| TASK OBJECTIVE |
What you output must match the entries exactly, apart from the pictures, which are left out.

| EXERCISE INPUT |
Segment Open

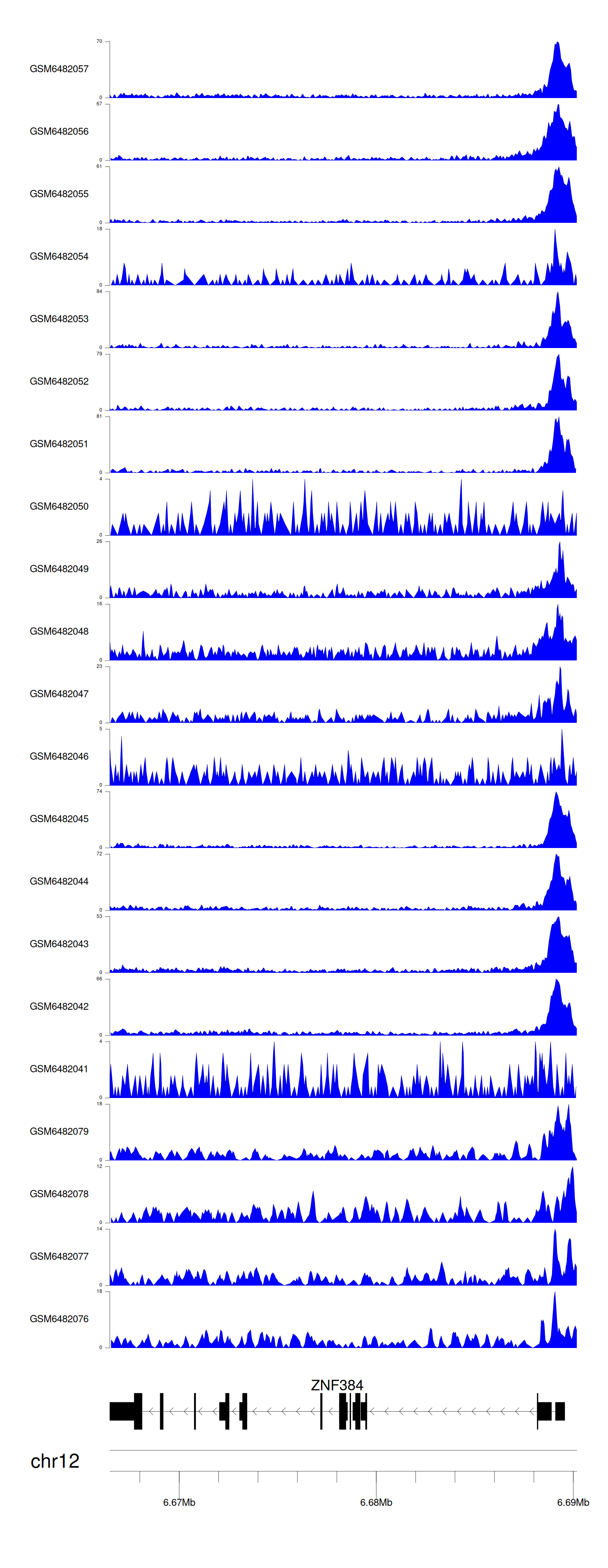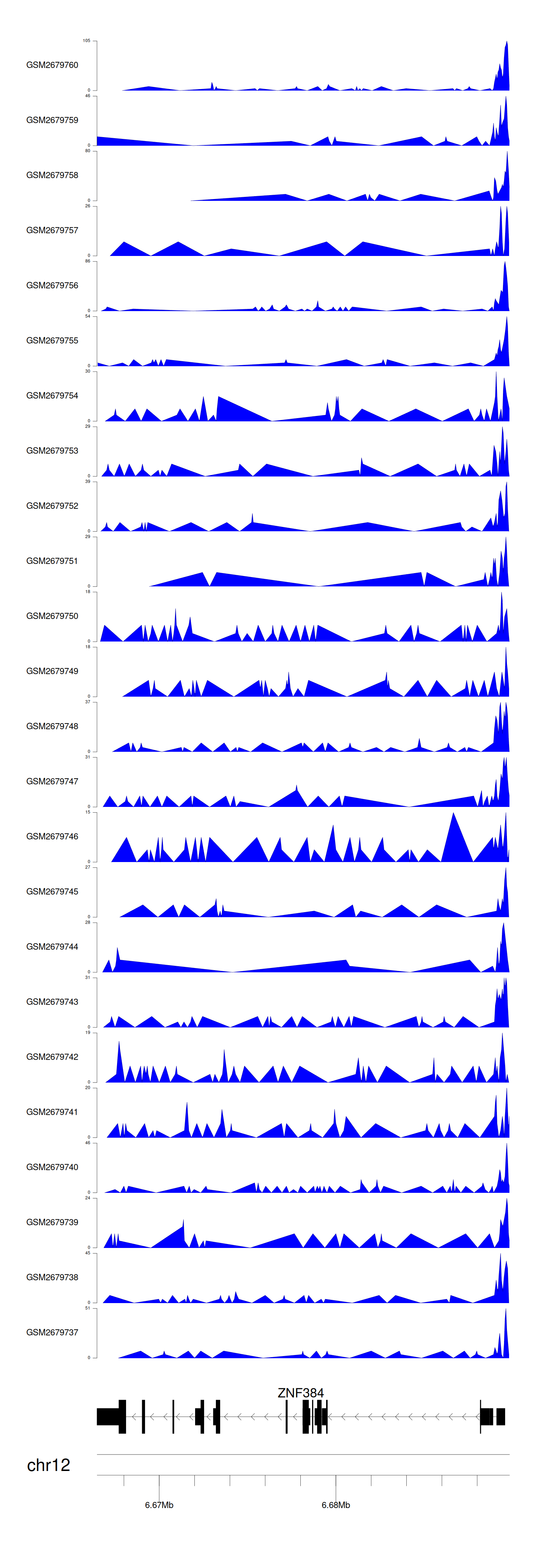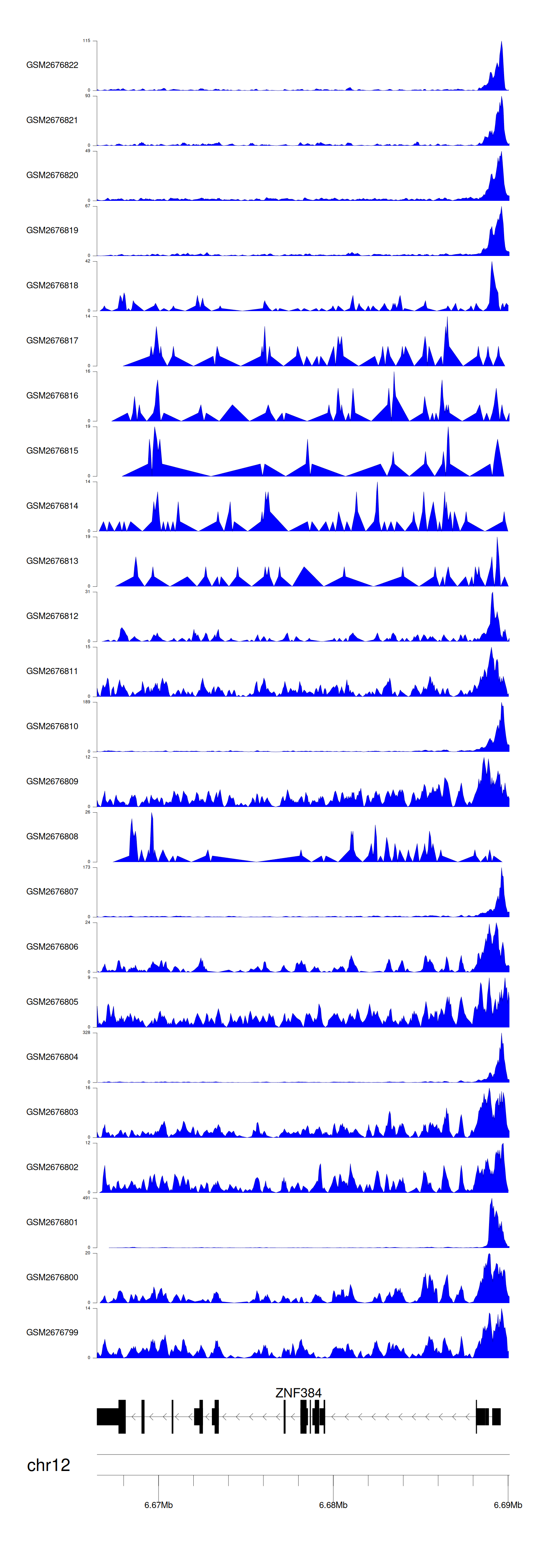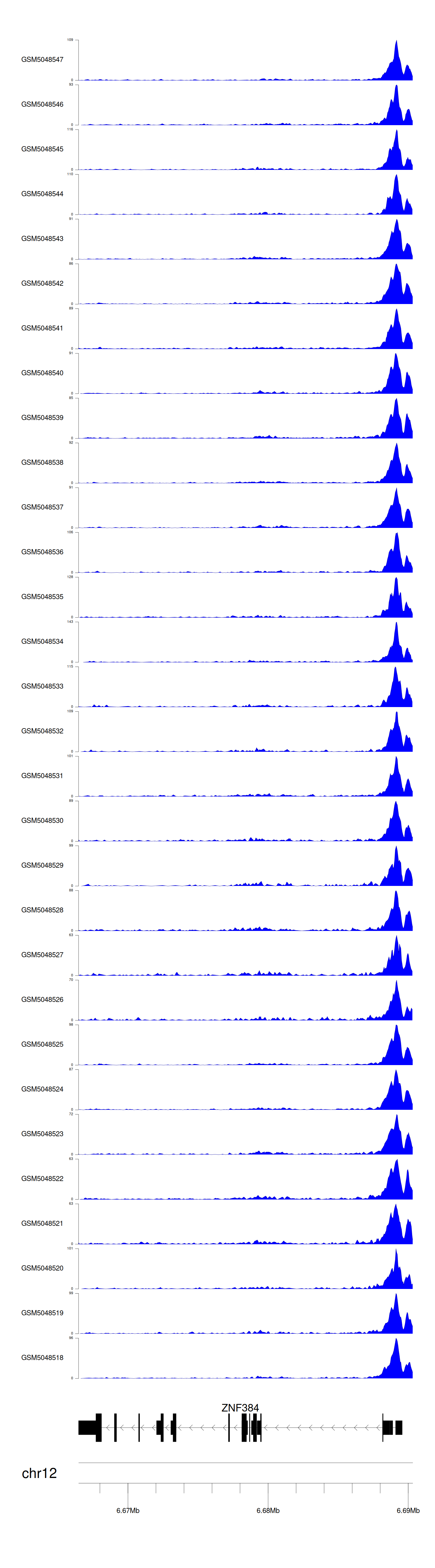 > Dataset: GSE165703 - ZNF384 peak across samples
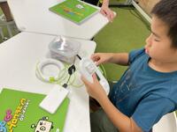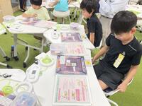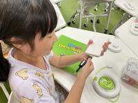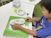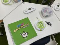 1年2組の先生は今年2年目の教員です!おそらく昨年の学級では、導入の際、理科大学の学生の支援があったのでしょう。今回は自分が説明しなければなりませんので、かなり緊張の様子で、ひとつひとつ手順を子どもたちに確認していきます!電源を繋いで、たくさんあるスイッチを間違えないように順番に操作しながら、子どもたちも準備をしていきます。子どものプログラミンングを受け付けるのは、ミニミニのボットのキューブちゃん!「命令を始める」「1歩前に進む」「命令を終わる」というようなカードの上をキューブちゃんにトレースさせることでキューブちゃんに動きを命令していきます。自分の命令がしっかりキューブちゃんに伝わると、キューブちゃんはちゃんとその通りに動いて、「よくできたでしょう!」というようにプルプルかわいく震えて喜びます!これには子どもたちもにっこにこで大喜び!
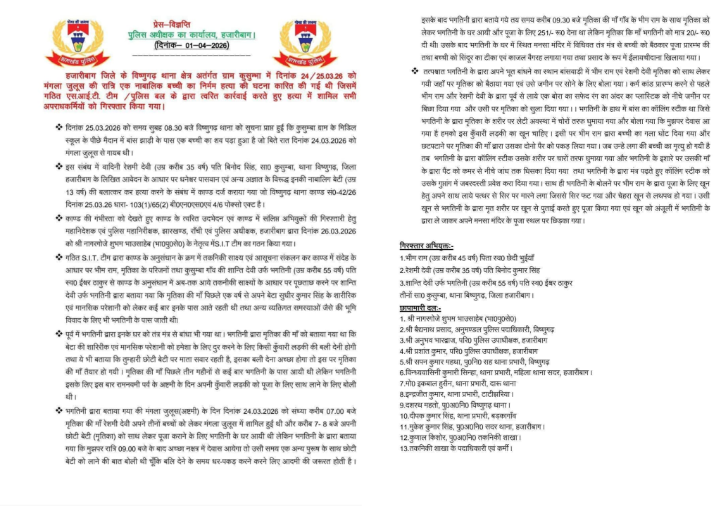हजारीबाग़ एसपी ने मामले का खुलासा करते हुए प्रेस रिलीज भी जारी किया है जिसमें अंकित है कि इस विभत्स हत्या को पुलिस ने गंभीरता से लेते हुए विशेष जांच टीम (SIT) का गठन किया। तकनीकी साक्ष्य और गहन अनुसंधान में सामने आया कि मृतका की मां रेशमी देवी लंबे समय से अपने बेटे की शारीरिक और मानसिक बिमारी के समाधान के लिए पास की एक महिला शांति देवी उर्फ भगतिन से संपर्क की। भगतिन ने समस्या के निपटान के लिए कुआंरी छोटी बेटी की बाले देनी की बात कही। अंधविश्वास में फंसकर कलयुगी मां रामनवमी के दिन सुनियोजित तरीके से बच्ची को पूजा के बहाने भगतिन के घर ले गई और तंत्र-मंत्र की आड़ में बच्ची की क्रूरता से हत्या कर दी। इस पुरे प्रकरण में बच्ची की मां के साथ एक अन्य आरोपी भीम राम जिसे बच्ची की मां का प्रेमी बताया जा रहा है उसकी भी संलिप्तता सामने आई है।
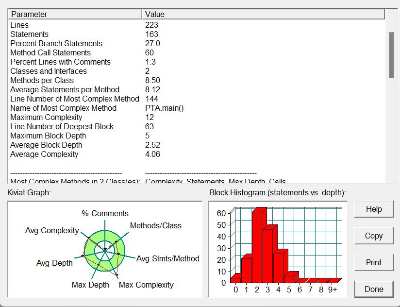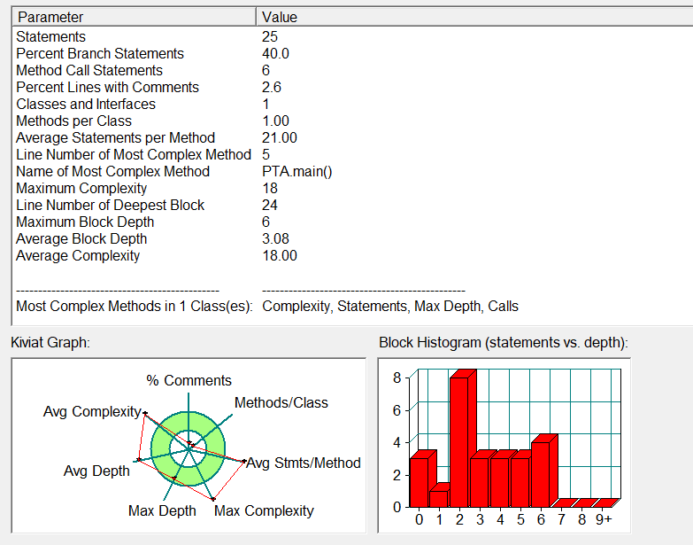 改进建议:根据SourceMonitor的软件分析,这道题的代码的圈复杂度为18,说明代码还存在一定缺陷,其本质上就是用多了for循环,对代码进行分析后发现,“判断输入的三个值是否能构成三角形”这一环节可以不用for循环,这样就降低了代码的圈复杂度。以后还是要多学习通过构造方法来解决判断问题,这样 就有助于代码圈复杂度的降低。
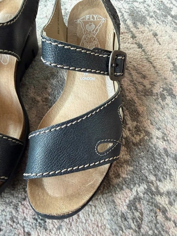 The Fly London Black Leather Wedge Sandals Size 4 is ideal for casual, everyday, summer.
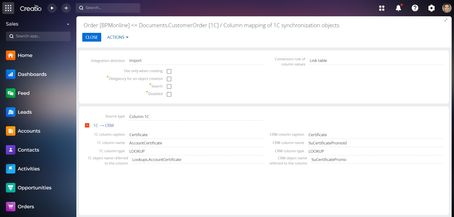 BAS integration for Creatio is a product that allows you to set up one-way and two-way data exchange between 1C and the Creatio system using the Creatio system interface.

Segment Closed

| ANSWER FOR THIS EXERCISE |
 > Dataset: GSE165703 - ZNF384 peak across samples
 1年2組の先生は今年2年目の教員です!おそらく昨年の学級では、導入の際、理科大学の学生の支援があったのでしょう。今回は自分が説明しなければなりませんので、かなり緊張の様子で、ひとつひとつ手順を子どもたちに確認していきます!電源を繋いで、たくさんあるスイッチを間違えないように順番に操作しながら、子どもたちも準備をしていきます。子どものプログラミンングを受け付けるのは、ミニミニのボットのキューブちゃん!「命令を始める」「1歩前に進む」「命令を終わる」というようなカードの上をキューブちゃんにトレースさせることでキューブちゃんに動きを命令していきます。自分の命令がしっかりキューブちゃんに伝わると、キューブちゃんはちゃんとその通りに動いて、「よくできたでしょう!」というようにプルプルかわいく震えて喜びます!これには子どもたちもにっこにこで大喜び!
हजारीबाग़ एसपी ने मामले का खुलासा करते हुए प्रेस रिलीज भी जारी किया है जिसमें अंकित है कि इस विभत्स हत्या को पुलिस ने गंभीरता से लेते हुए विशेष जांच टीम (SIT) का गठन किया। तकनीकी साक्ष्य और गहन अनुसंधान में सामने आया कि मृतका की मां रेशमी देवी लंबे समय से अपने बेटे की शारीरिक और मानसिक बिमारी के समाधान के लिए पास की एक महिला शांति देवी उर्फ भगतिन से संपर्क की। भगतिन ने समस्या के निपटान के लिए कुआंरी छोटी बेटी की बाले देनी की बात कही। अंधविश्वास में फंसकर कलयुगी मां रामनवमी के दिन सुनियोजित तरीके से बच्ची को पूजा के बहाने भगतिन के घर ले गई और तंत्र-मंत्र की आड़ में बच्ची की क्रूरता से हत्या कर दी। इस पुरे प्रकरण में बच्ची की मां के साथ एक अन्य आरोपी भीम राम जिसे बच्ची की मां का प्रेमी बताया जा रहा है उसकी भी संलिप्तता सामने आई है।
 改进建议:根据SourceMonitor的软件分析,这道题的代码的圈复杂度为18,说明代码还存在一定缺陷,其本质上就是用多了for循环,对代码进行分析后发现,“判断输入的三个值是否能构成三角形”这一环节可以不用for循环,这样就降低了代码的圈复杂度。以后还是要多学习通过构造方法来解决判断问题,这样 就有助于代码圈复杂度的降低。
 The Fly London Black Leather Wedge Sandals Size 4 is ideal for casual, everyday, summer.
 BAS integration for Creatio is a product that allows you to set up one-way and two-way data exchange between 1C and the Creatio system using the Creatio system interface.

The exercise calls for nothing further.